- **ENTRIES PROVIDED**
::::::::

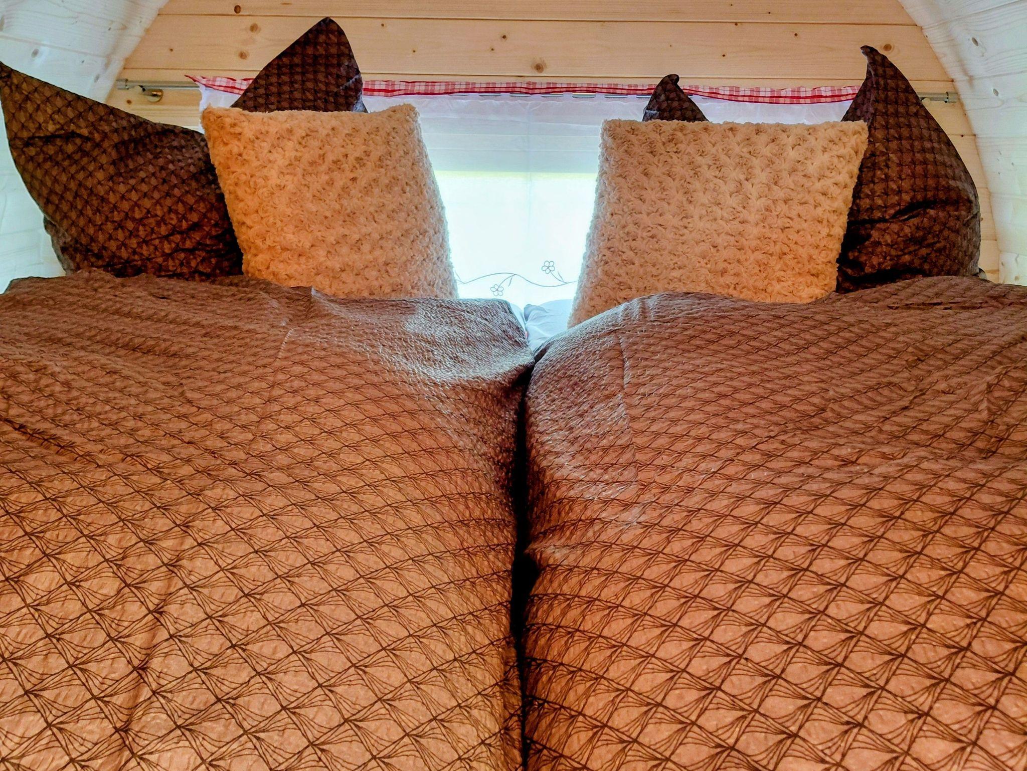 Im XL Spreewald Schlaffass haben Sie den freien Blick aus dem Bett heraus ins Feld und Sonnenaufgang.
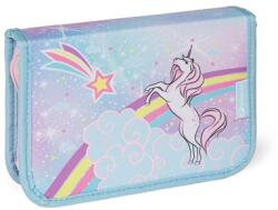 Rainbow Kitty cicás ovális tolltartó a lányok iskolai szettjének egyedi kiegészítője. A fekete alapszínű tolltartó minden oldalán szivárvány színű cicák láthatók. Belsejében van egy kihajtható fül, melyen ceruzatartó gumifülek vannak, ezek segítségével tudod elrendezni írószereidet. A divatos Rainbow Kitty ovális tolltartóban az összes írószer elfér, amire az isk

::::::::

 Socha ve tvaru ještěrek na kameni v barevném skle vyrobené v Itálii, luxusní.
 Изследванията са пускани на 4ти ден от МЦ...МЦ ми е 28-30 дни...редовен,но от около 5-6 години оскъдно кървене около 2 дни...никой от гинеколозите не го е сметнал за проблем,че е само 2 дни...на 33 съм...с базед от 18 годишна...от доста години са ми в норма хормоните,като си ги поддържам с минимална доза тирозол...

::::::::

- **EXERCISE BRIEF**
What is wanted is an exact copy of the lines above from the one containing "Im XL Spreewald" through the one containing "Rainbow Kitty cicás", with no pictures in it.

- **WRITTEN REPLY**
 Im XL Spreewald Schlaffass haben Sie den freien Blick aus dem Bett heraus ins Feld und Sonnenaufgang.
 Rainbow Kitty cicás ovális tolltartó a lányok iskolai szettjének egyedi kiegészítője. A fekete alapszínű tolltartó minden oldalán szivárvány színű cicák láthatók. Belsejében van egy kihajtható fül, melyen ceruzatartó gumifülek vannak, ezek segítségével tudod elrendezni írószereidet. A divatos Rainbow Kitty ovális tolltartóban az összes írószer elfér, amire az isk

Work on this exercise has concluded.